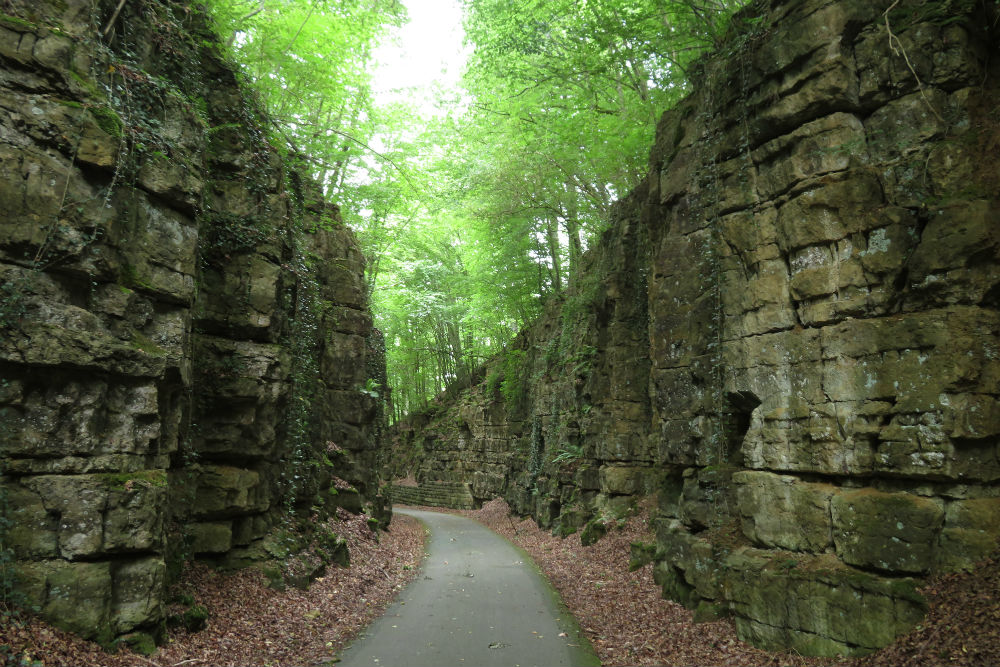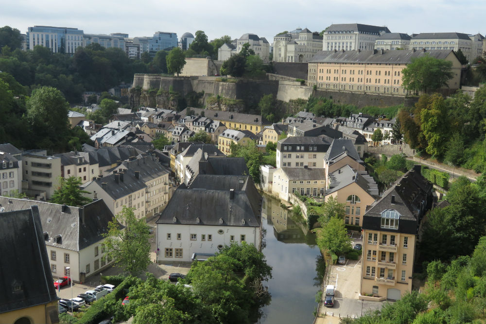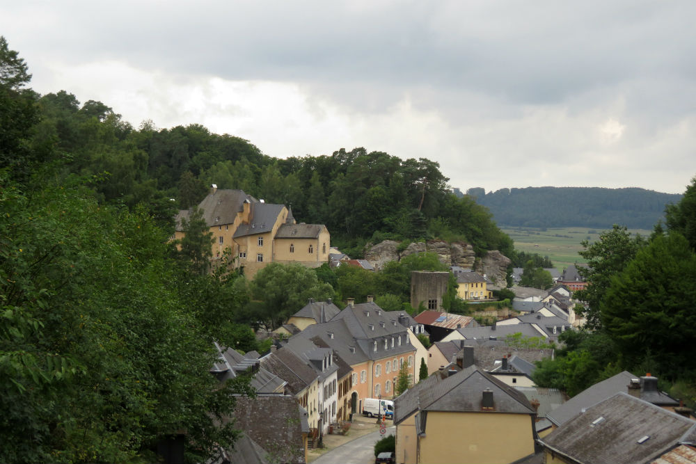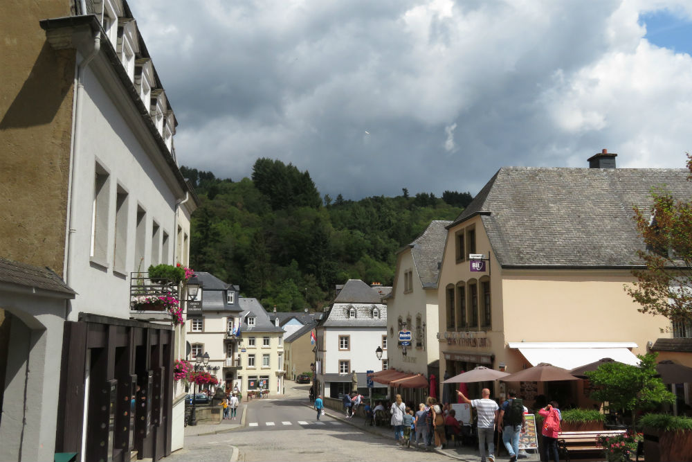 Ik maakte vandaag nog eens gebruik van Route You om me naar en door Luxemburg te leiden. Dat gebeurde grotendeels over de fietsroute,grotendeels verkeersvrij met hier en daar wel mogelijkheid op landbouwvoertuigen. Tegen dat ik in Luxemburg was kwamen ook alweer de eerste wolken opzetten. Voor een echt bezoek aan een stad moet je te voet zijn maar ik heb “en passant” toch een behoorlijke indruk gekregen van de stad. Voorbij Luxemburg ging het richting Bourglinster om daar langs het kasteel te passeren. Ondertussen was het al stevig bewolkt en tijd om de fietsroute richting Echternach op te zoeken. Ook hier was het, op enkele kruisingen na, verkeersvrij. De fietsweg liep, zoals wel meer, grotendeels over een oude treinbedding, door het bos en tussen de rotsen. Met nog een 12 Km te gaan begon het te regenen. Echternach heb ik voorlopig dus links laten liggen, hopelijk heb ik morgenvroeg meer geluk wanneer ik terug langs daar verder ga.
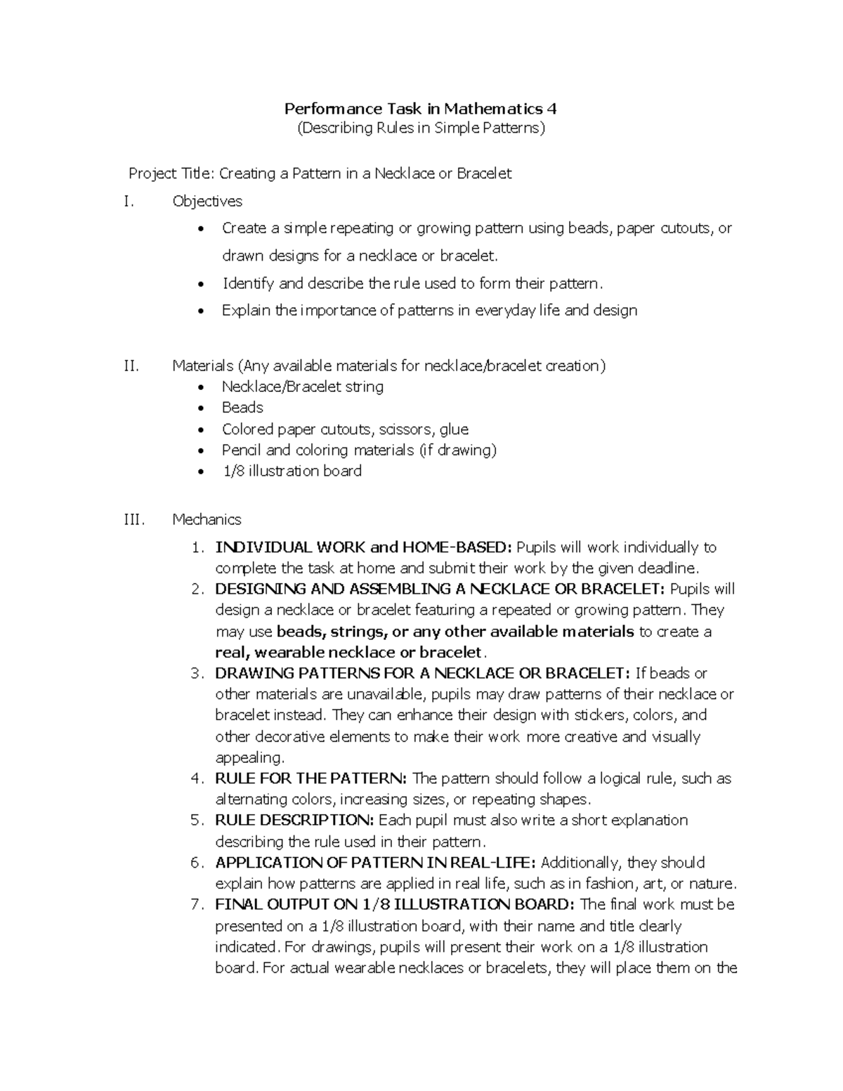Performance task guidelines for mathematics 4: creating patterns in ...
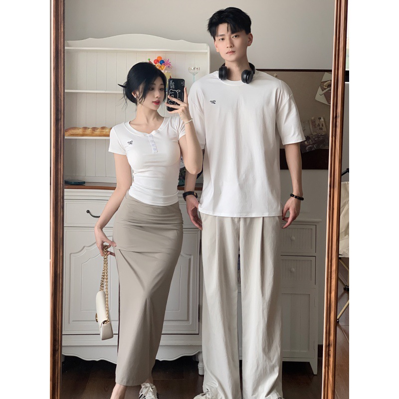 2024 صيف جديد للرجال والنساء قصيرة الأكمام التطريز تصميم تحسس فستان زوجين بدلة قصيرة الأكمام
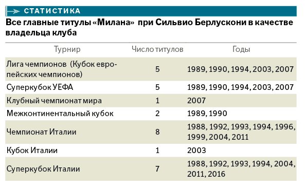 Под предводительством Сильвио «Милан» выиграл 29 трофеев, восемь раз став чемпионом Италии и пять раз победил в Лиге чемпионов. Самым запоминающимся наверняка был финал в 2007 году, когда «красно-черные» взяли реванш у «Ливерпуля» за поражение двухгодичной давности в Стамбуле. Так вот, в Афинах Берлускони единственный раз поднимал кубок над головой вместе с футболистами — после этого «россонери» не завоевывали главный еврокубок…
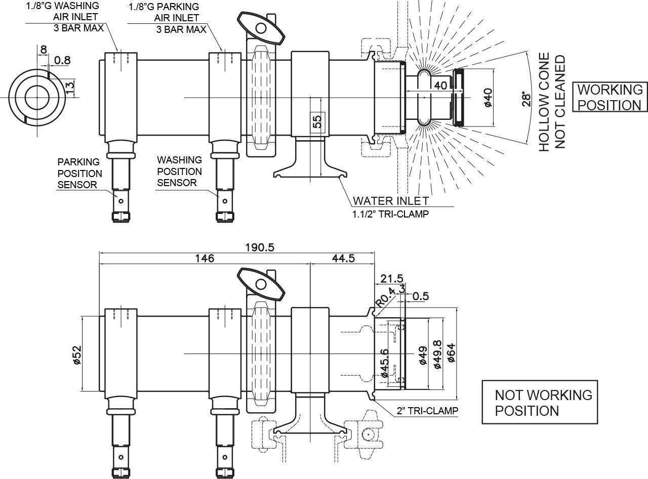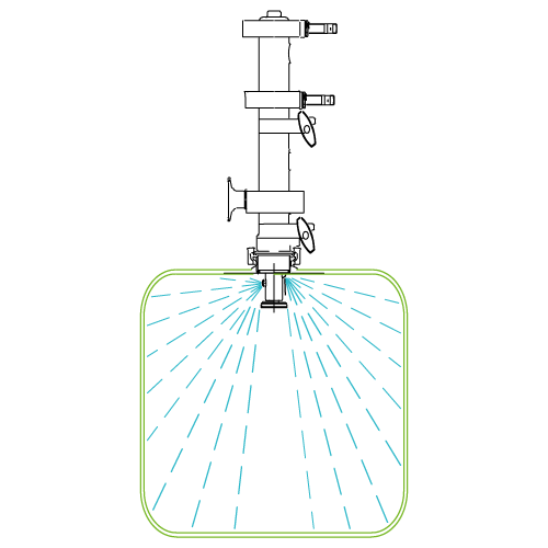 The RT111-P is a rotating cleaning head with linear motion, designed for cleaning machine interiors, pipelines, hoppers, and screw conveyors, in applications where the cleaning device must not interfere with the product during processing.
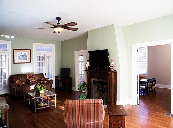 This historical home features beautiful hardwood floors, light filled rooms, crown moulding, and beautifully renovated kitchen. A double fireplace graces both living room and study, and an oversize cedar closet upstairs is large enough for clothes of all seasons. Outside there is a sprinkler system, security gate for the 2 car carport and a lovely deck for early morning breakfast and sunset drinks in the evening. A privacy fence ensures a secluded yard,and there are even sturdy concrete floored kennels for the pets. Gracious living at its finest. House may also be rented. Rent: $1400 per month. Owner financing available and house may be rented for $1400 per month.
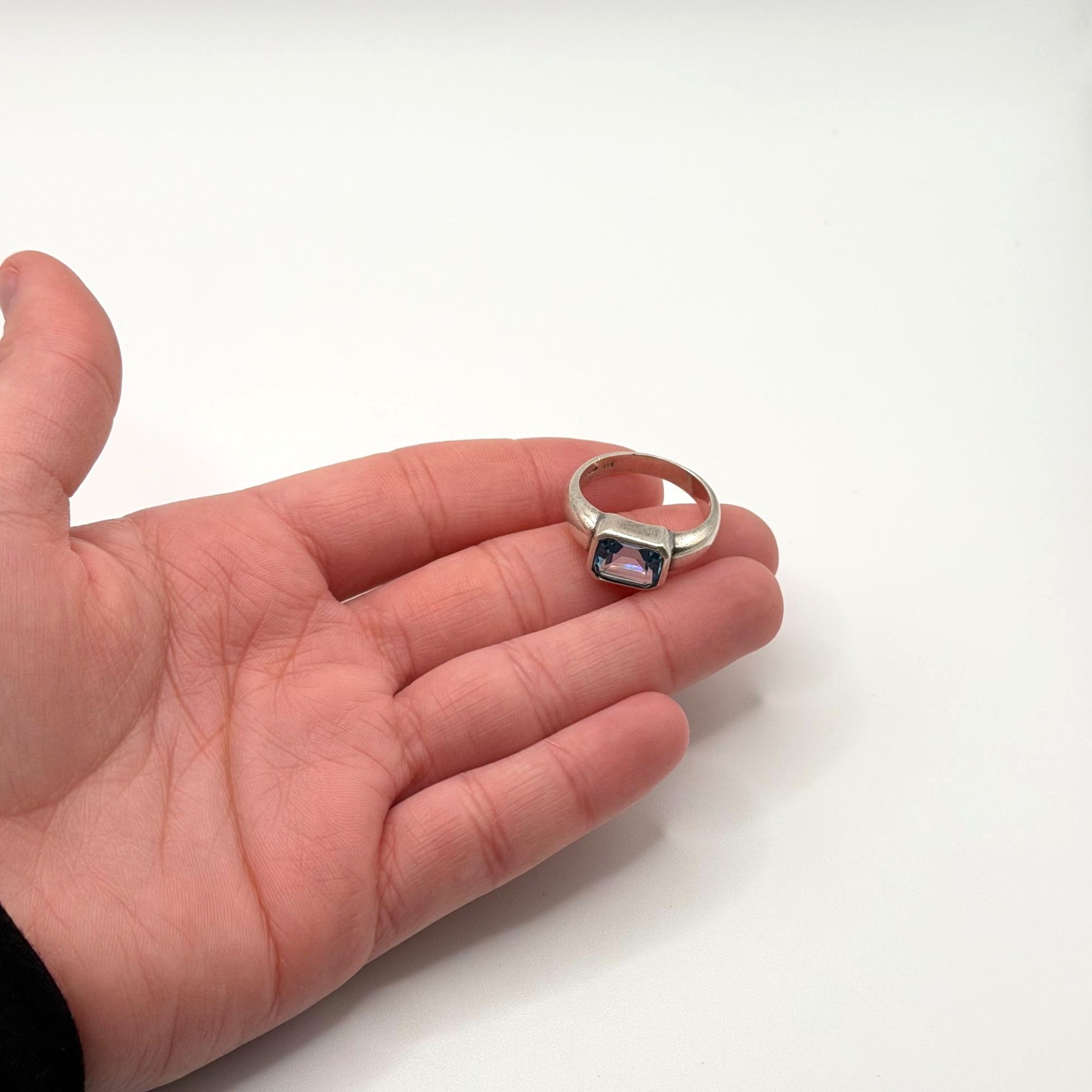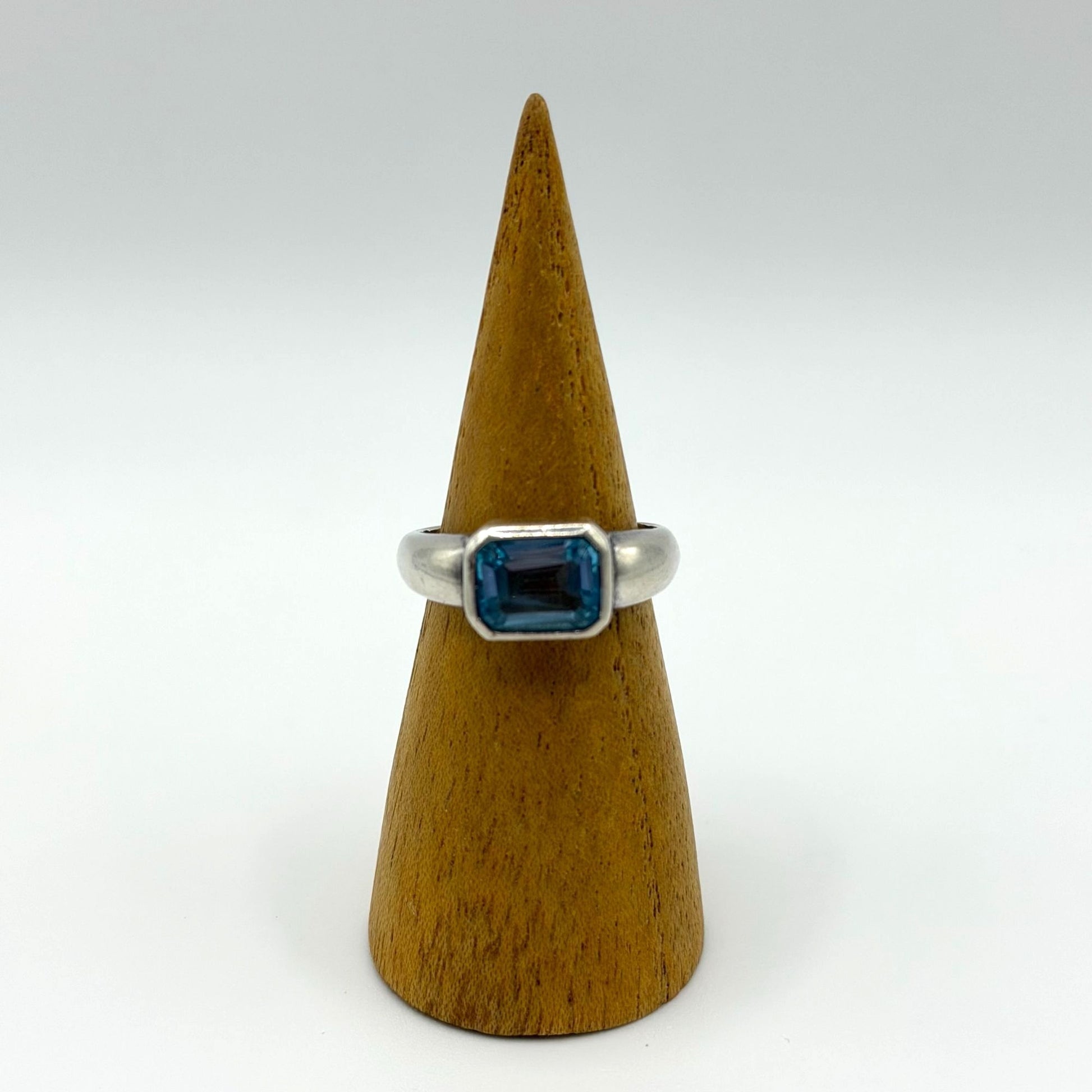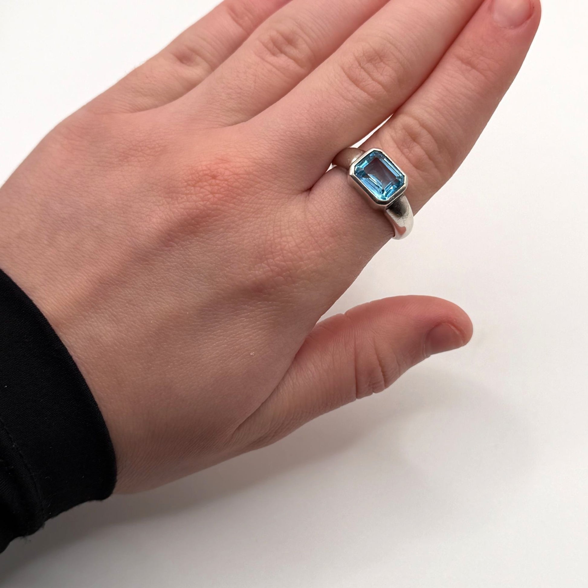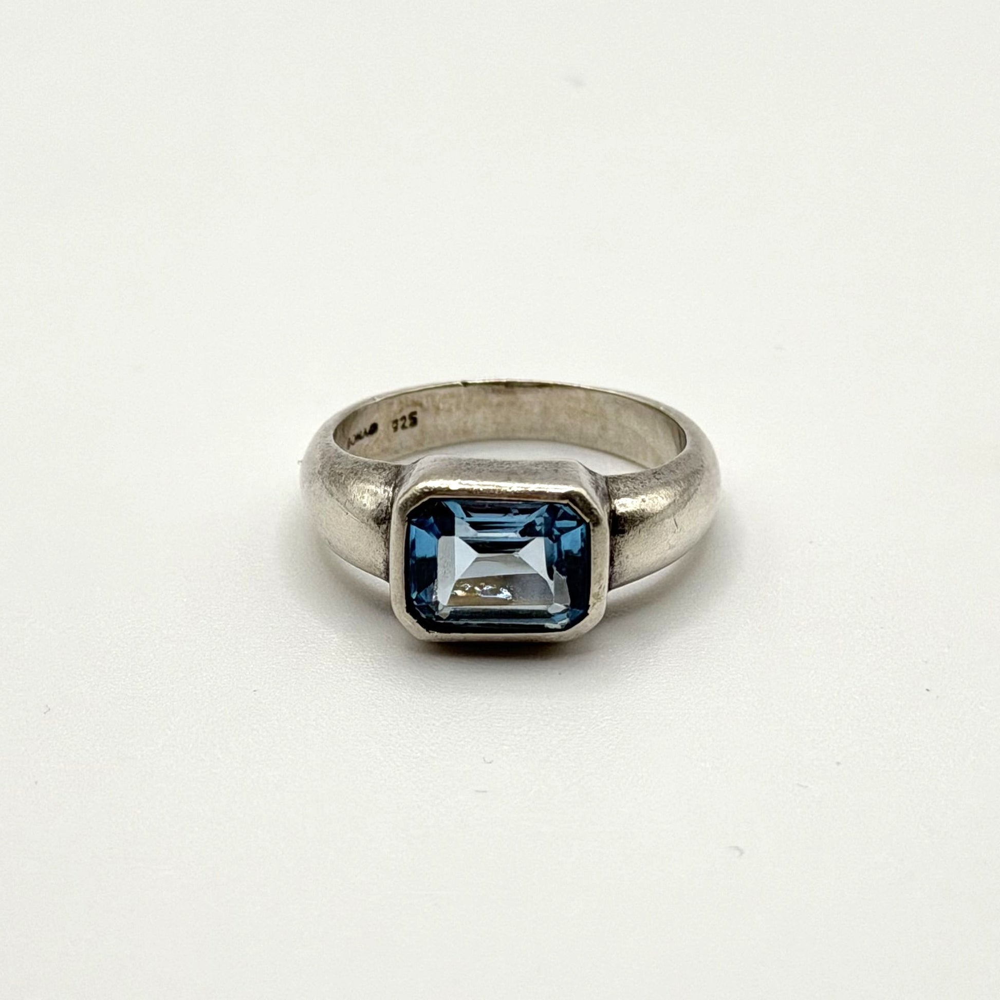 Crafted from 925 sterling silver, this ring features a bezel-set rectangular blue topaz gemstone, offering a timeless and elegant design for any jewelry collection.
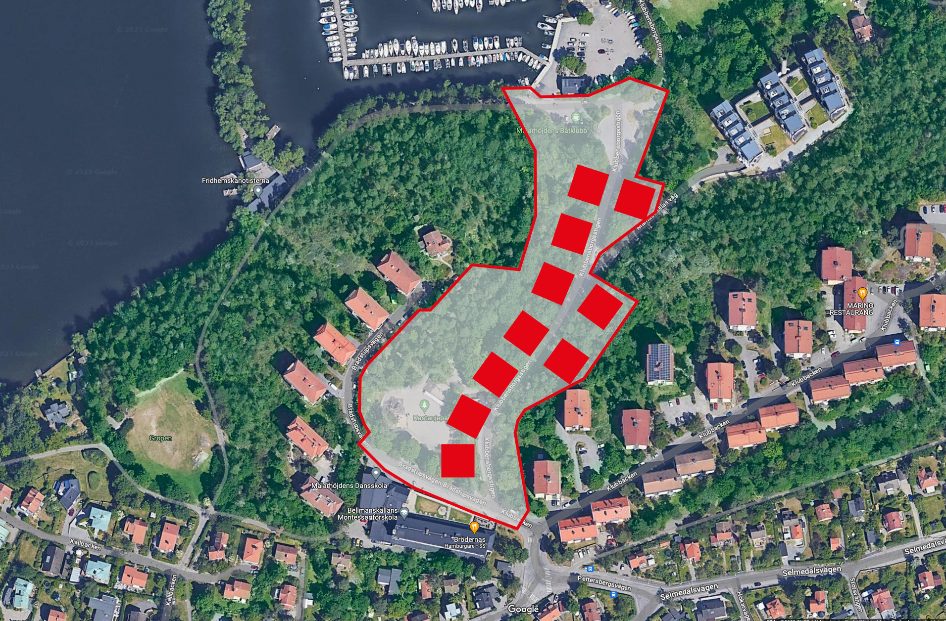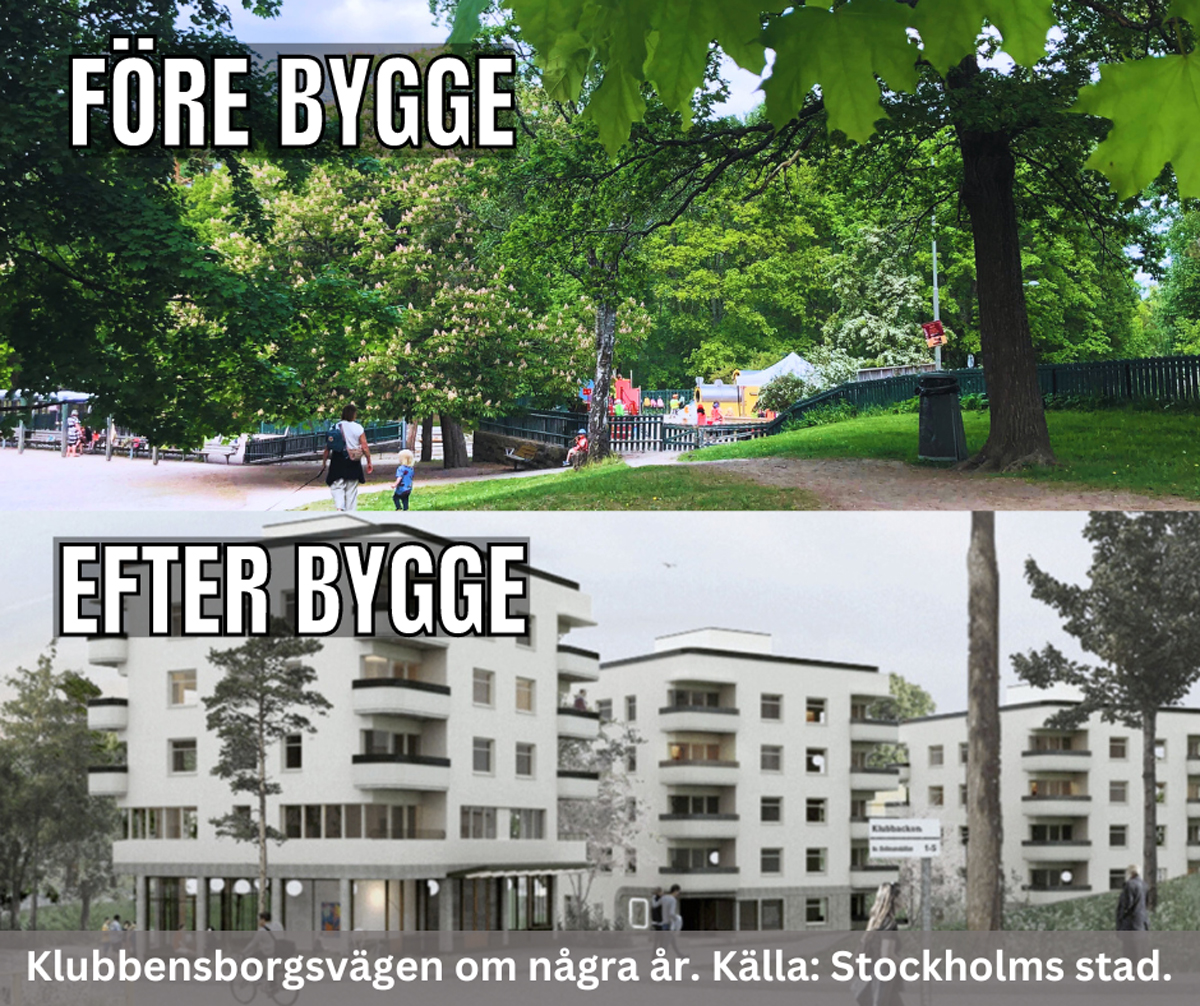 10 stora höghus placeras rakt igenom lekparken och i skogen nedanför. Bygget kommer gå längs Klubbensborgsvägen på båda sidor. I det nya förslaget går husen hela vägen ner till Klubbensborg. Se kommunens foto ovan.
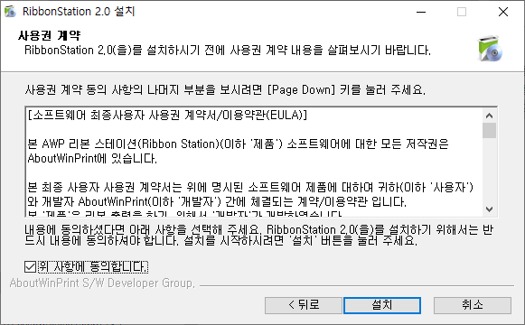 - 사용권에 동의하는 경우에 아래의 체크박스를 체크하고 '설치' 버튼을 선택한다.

▶ [WHAT YOU HAVE TO DO]
In the answer, give only the lines from the one containing "This historical home" through the end of the records above, each reproduced exactly. Include no pictures.

▶ [TASK RESULT]
 This historical home features beautiful hardwood floors, light filled rooms, crown moulding, and beautifully renovated kitchen. A double fireplace graces both living room and study, and an oversize cedar closet upstairs is large enough for clothes of all seasons. Outside there is a sprinkler system, security gate for the 2 car carport and a lovely deck for early morning breakfast and sunset drinks in the evening. A privacy fence ensures a secluded yard,and there are even sturdy concrete floored kennels for the pets. Gracious living at its finest. House may also be rented. Rent: $1400 per month. Owner financing available and house may be rented for $1400 per month.
 Crafted from 925 sterling silver, this ring features a bezel-set rectangular blue topaz gemstone, offering a timeless and elegant design for any jewelry collection.
 10 stora höghus placeras rakt igenom lekparken och i skogen nedanför. Bygget kommer gå längs Klubbensborgsvägen på båda sidor. I det nya förslaget går husen hela vägen ner till Klubbensborg. Se kommunens foto ovan.
 - 사용권에 동의하는 경우에 아래의 체크박스를 체크하고 '설치' 버튼을 선택한다.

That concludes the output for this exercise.